The latest issue of Relevant Magazine hit the streets two weeks ago, and I devoured every page of mine over the course of about seven days. Nestled in the middle, under an article by someone I'd never heard of before, was something that has caused an interesting turn of events in my life.

The article was called "Jesus Wrecked My Life." The author was a guy named Shane Claiborne. Ever heard of him?

He lives in Philly. He grew up in Tennessee. He walked the mainstream evangelical life for most of his youth but, disenchanted and disillusioned by it in college when he started hanging with the homeless in the downtown streets of Philadelphia, he went to visit Mother Theresa in Calcutta for a few months. There, he served the poorest of the poor, the dying, and the lepers, and even befriended many of them and learned what it meant to see Jesus incarnate on the earth. Then he came back to complete a one-year internship at Willow Creek in Illinois. (Big culture shock.)

The culture shock propelled him back back to Philadelphia, where he and small troupe of believers started something they called The Simple Way. This is centralized around a house (of the same name) where they live in community and exist to serve the poor and the homeless. They dish out food and dispense clothes. They plant gardens in concrete jungles and rehabilitate abandoned houses. They play with children and pray with prostitutes. And this is their daily reality, birthed from a passion to live the gospel Jesus brought to the world, not just theorize or talk about it anymore.

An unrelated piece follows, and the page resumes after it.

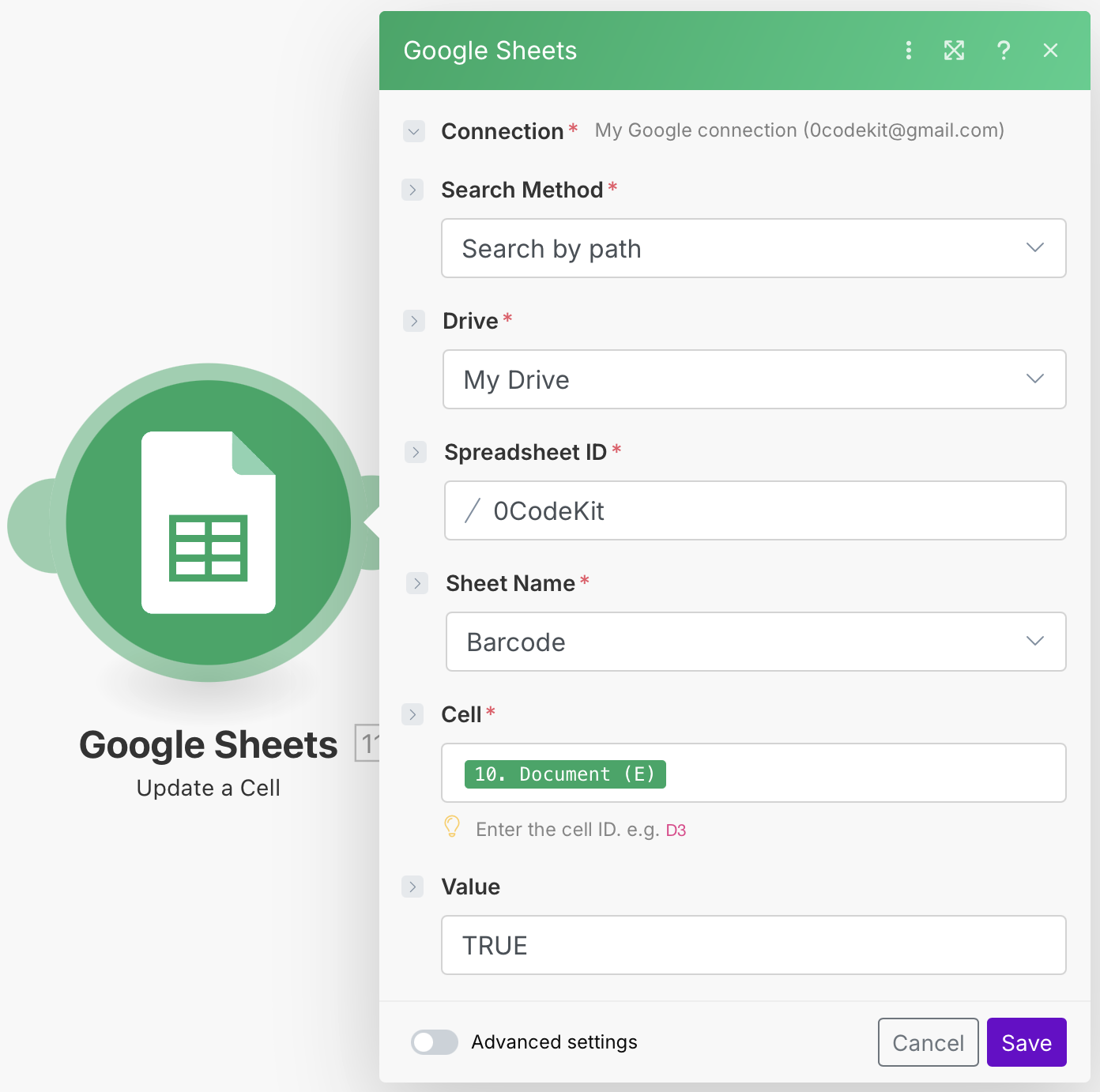 Finally, if the barcodes have been generated, we want them to be reflected in our Google Sheets. Therefore, we need to add another Google Sheets module with the event "Update a Cell". Here, we need to specify which cell from which spreadsheet and sheet we want to update, and we would like the value to be "TRUE" when the barcode has been generated.

I was disarmed by Shane's sparse, deceptively simple message. And I wanted to go back to part of the source of it: Mother Theresa. That same day I read his article, I checked out three biographies on Mother Theresa from the library and settled into reviewing them in bed. From last Thursday to this past Sunday, I have pretty much lived and breathed Mother Theresa. She has been pretty much all I have talked about. (Ask Kirk. He now knows more about her life than he ever knew before, too, since I've been sharing whole passages about her life from one of the biographies, and we even rented and watched a movie about her on Sunday.)

Now I'm reading Shane Claiborne's book, The Irresistible Revolution. All of this is pretty much wrecking my life, too. I'll share more as my thoughts have time to surface and make sense. In the meantime, you should check out his book. Be prepared to start thinking about life in a whole new way.